◆ **ABOUT THIS EXERCISE**:
Images are to be dropped, and the rest of the data reproduced exactly.

◆ **EXERCISE DATA**:

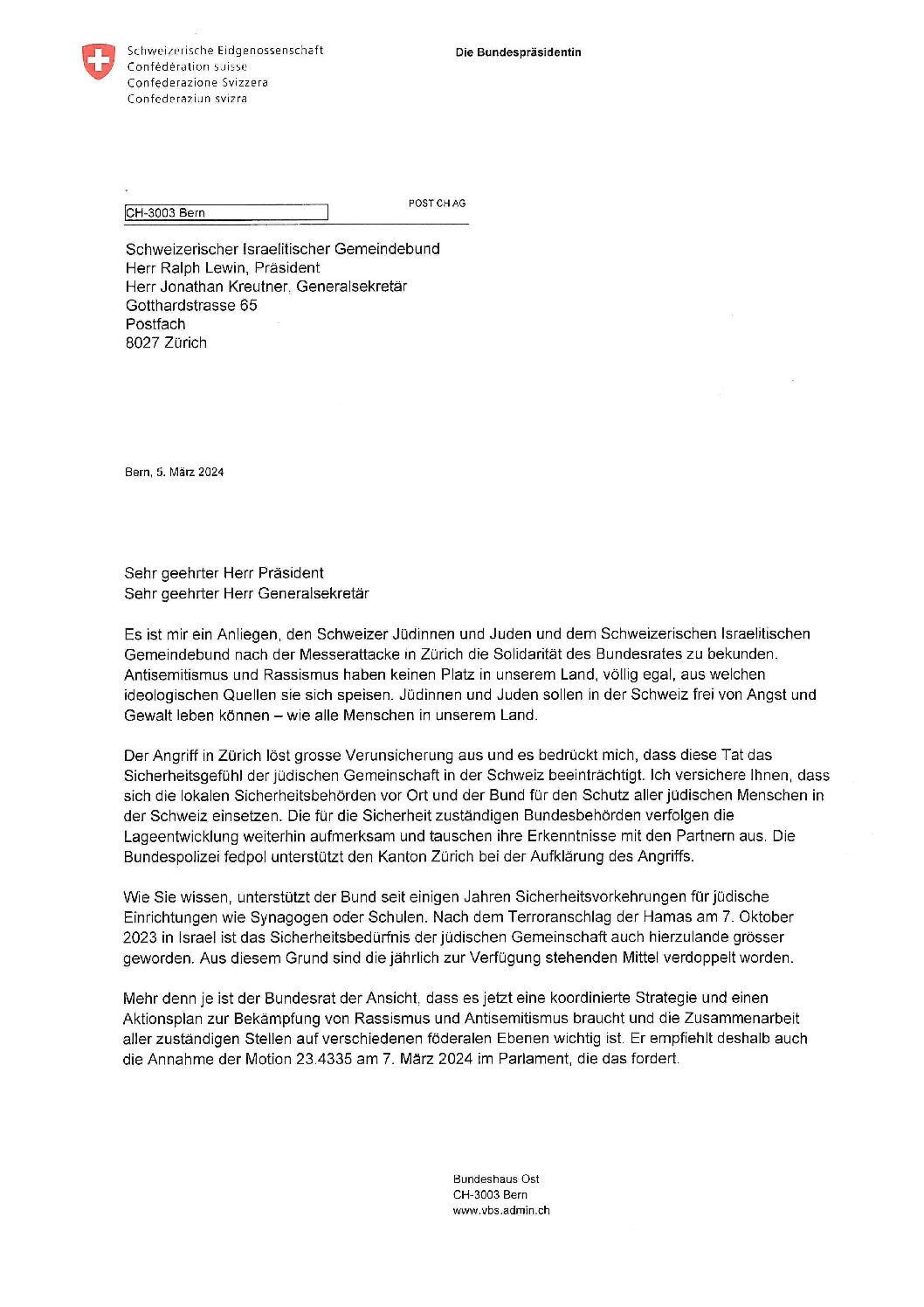 Die Bundespräsidentin Viola Amherd zeigt sich im Namen des Bundesrates mit einem Schreiben vom 5. März 2024 an den SIG solidarisch mit den Schweizer Jüdinnen und Juden.
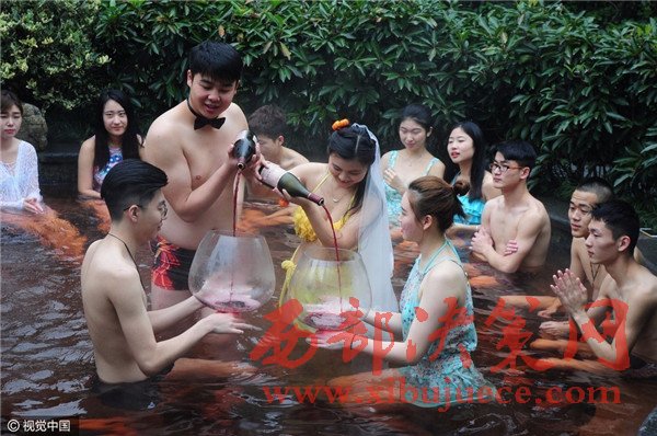 新郎周天中、新娘張婷都來自杭州蕭山,他倆相識結緣于一次游玩中,覺得在溫泉舉行婚禮頗有意義。圖為新娘喂新郎喝超大杯紅酒。
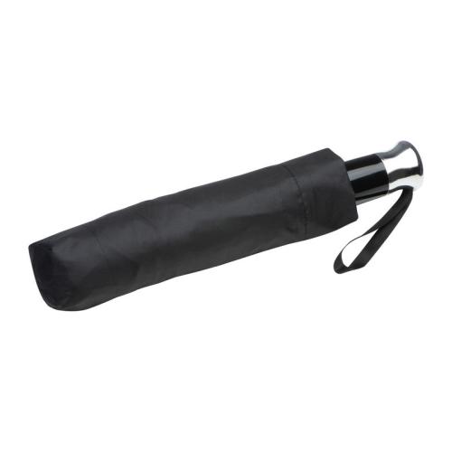 High-quality pocket umbrella made of 190T pongee with black fibreglass shaft, elegant handle and matching case. Automatic opening and closing by pressing the button on the handle.

◆ **ANSWER SPACE**:
 Die Bundespräsidentin Viola Amherd zeigt sich im Namen des Bundesrates mit einem Schreiben vom 5. März 2024 an den SIG solidarisch mit den Schweizer Jüdinnen und Juden.
 新郎周天中、新娘張婷都來自杭州蕭山,他倆相識結緣于一次游玩中,覺得在溫泉舉行婚禮頗有意義。圖為新娘喂新郎喝超大杯紅酒。
 High-quality pocket umbrella made of 190T pongee with black fibreglass shaft, elegant handle and matching case. Automatic opening and closing by pressing the button on the handle.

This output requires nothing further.